There is a certain high-bred reserve about these costly sepulchres, but turning to the walls one comes so face to face with grief as to experience a sense of intrusion. Each cell shows on its sealed door of slate or other stone the name and age of its occupant, and perhaps a sentiment, lettered in gilt or black, as these: "We bear our loss – God knows how heavily." "Son of my soul." "For thee, that land of larger love; for me, until I find thee there, only the valley of sorrow and the hard hill of hope."

Most of the cells have, too, a glassed or grated recess in front of this inscription wall, holding tributes or memorials – dried flowers, colored images of saints and angels, crucifixes, and the like. Sometimes the resurrection symbol of the butterfly appears. In the little cemetery at Vigo we noticed that the flower-vases were in form of great blue butterflies with scarlet splashes on their wings. Sometimes there are locks of hair, personal trinkets, and often card or cabinet photographs, whose living look startles the beholder. Out from a wreath of yellow immortelles peeps the plump smile of an old gentleman in modern dress coat; a coquettish lady in tiara and earrings laughs from behind her fan; and a grove of paper shrubbery, where tissue fairies dressed in rose petals dance on the blossoms, half hides the eager face of a Spanish midshipman. Where the photographs have faded and dimmed with time, the effect is less incongruous, if not less pathetic.
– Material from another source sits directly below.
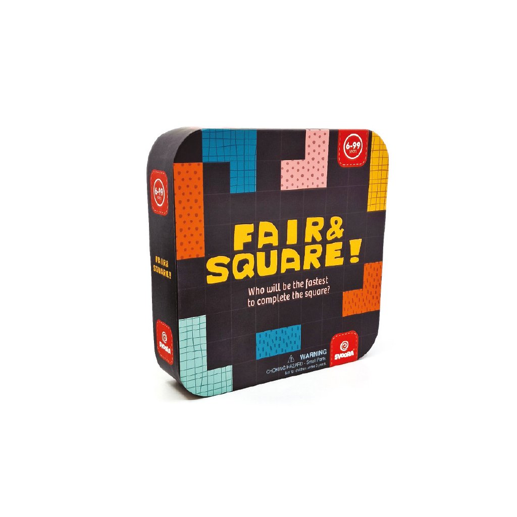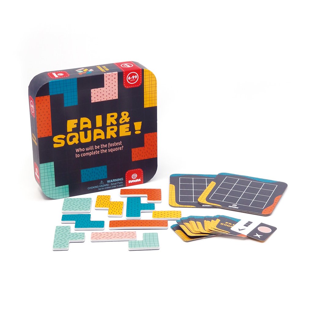V hře „Čestně a spravedlivě“ hráči postupně tahají karty, které určují, které dílky mají použít a kterým se mají vyhnout, a snaží se co nejrychleji zaplnit svou čtvercovou desku bez mezer.

The niches of children contain the gayest possible little figures. Here are china angels in blue frocks, with pink sleeves and saffron pantalets, pink-tipped plumes, and even pink bows in their goldy hair. Here is a company of tiny Hamlets, quaint dollikins set up in a circle about a small green grave, each with finger on lip, "The rest is silence." Here are two elegant and lazy cherubs, their alabaster chubbiness comfortably bestowed in toy chairs of crimson velvet on each side of an ivory crucifix. And here is a Bethlehem, and here a Calvary, and here the Good Shepherd bearing the lamb in His bosom; and here, in simple, but artistic wood carving, the Christ with open arms, calling to a child on sick-bed to come unto Him, while the mother, prostrate before the holy feet, kisses their shadow. One cannot look for long. It is well to lift the eyes from the niche graves of Granada to the glory of the Sierra Nevada that soars beyond, and turn from the patios of San Isidro to the cheerful picture of Madrid across the Manzanares, even though, prominent in the vista, rises the cupola of San Francisco el Grande. This is the National Pantheon, and within, beneath the frescoed dome, all aglow with blue and gold, masses are chanted for the dead whom Spain decrees to honor, as, so recently, for Castelar.
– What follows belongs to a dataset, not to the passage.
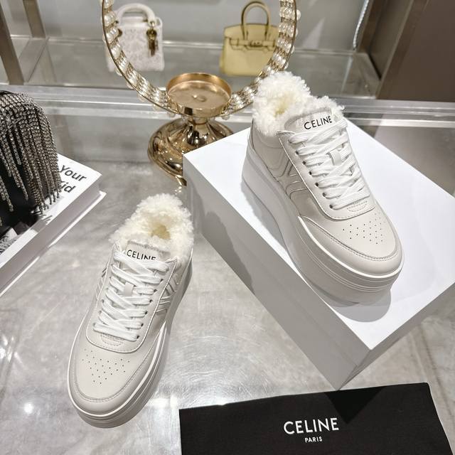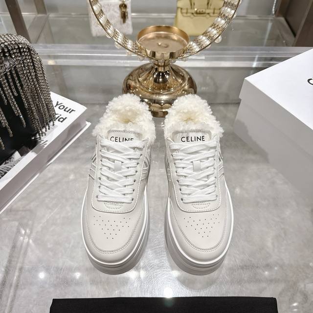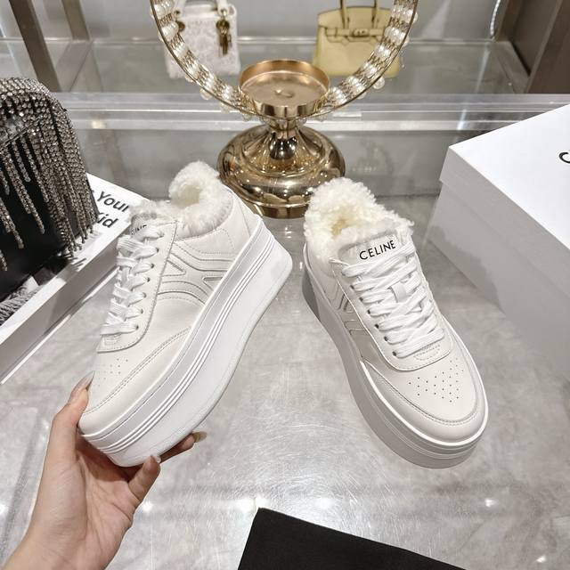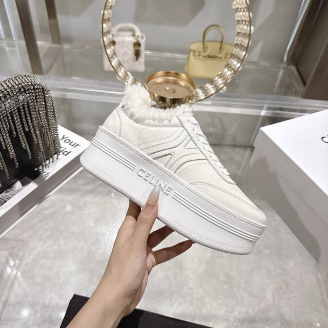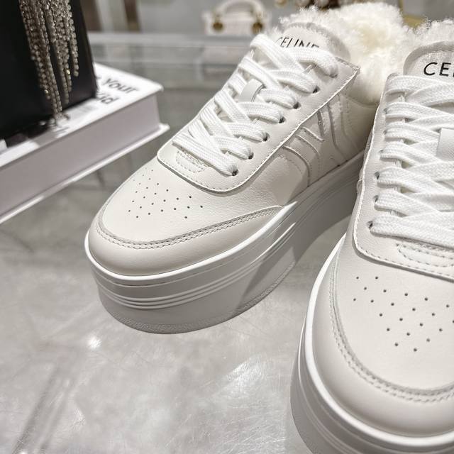 / 出厂 高版本 Celine*思琳赛琳 2025Ss新款徽标系带厚底羊毛里休闲鞋小白鞋 简单舒服,干净利落,增高显腿细,无论是单穿还是搭配阔腿裤,高街又复古一起来

Near this church a viaduct, seventy-five feet high, crosses the Calle de Segovia; and, despite the tall crooked railings and a constant police patrol, Madrileños bent on suicide often succeed in leaping over and bruising out their breath on the stones of the street below. It is a desperate exit. The Seine and Thames lure their daily victims with murmuring sound and the soft, enfolding look of water, but Spaniards who spring from this fatal viaduct see beneath them only the cruel pavement. That life should be harder than stone! And yet the best vigilance of Madrid cannot prevent fresh bloodstains on the Calle de Segovia.

Near the cemetery of San Isidro, across the Manzanares, are two other large Catholic burial grounds, and the Cementério Inglés.

"But murderers, atheists, and Protestants are buried way off in the east," said the pretty Spanish girl beside me.

"Oh, let's go there!" I responded, with heretic enthusiasm; but I had reckoned without the cabman, who promptly and emphatically protested.

"That's not a pleasant place for ladies to see. You would better drive in the Prado and Recoletos, or in the Buen Retiro."

We told him laughingly that he was speaking against his own interests, for the Civil Cemetery was much farther off than the parks. He consulted his dignity and decided to laugh in return.

"It is not of the pesetas I think first when I am driving ladies. But" (with suave indulgence) "you shall go just where you like."

So in kindness he gathered up his reins and away we clattered sheer across the city. Presently we had left the fountain-cooled squares and animated streets behind, had passed even the ugly, sinister Plaza de Toros, and outstripped the trolley track; but still the road stretched on, enlivened only by herds of goats and an occasional venta, where drivers of mule trains were pausing to wet their dusty throats. We met few vehicles now save the gay-colored hearses, and few people except groups of returning mourners, walking in bewildered wise, with stumbling feet.

"The Cemetery of the Poor is opposite the Civil Cemetery," said our cabman, "and they have from thirty to fifty burials a day. The keeper is a friend of mine. He shall show you all about."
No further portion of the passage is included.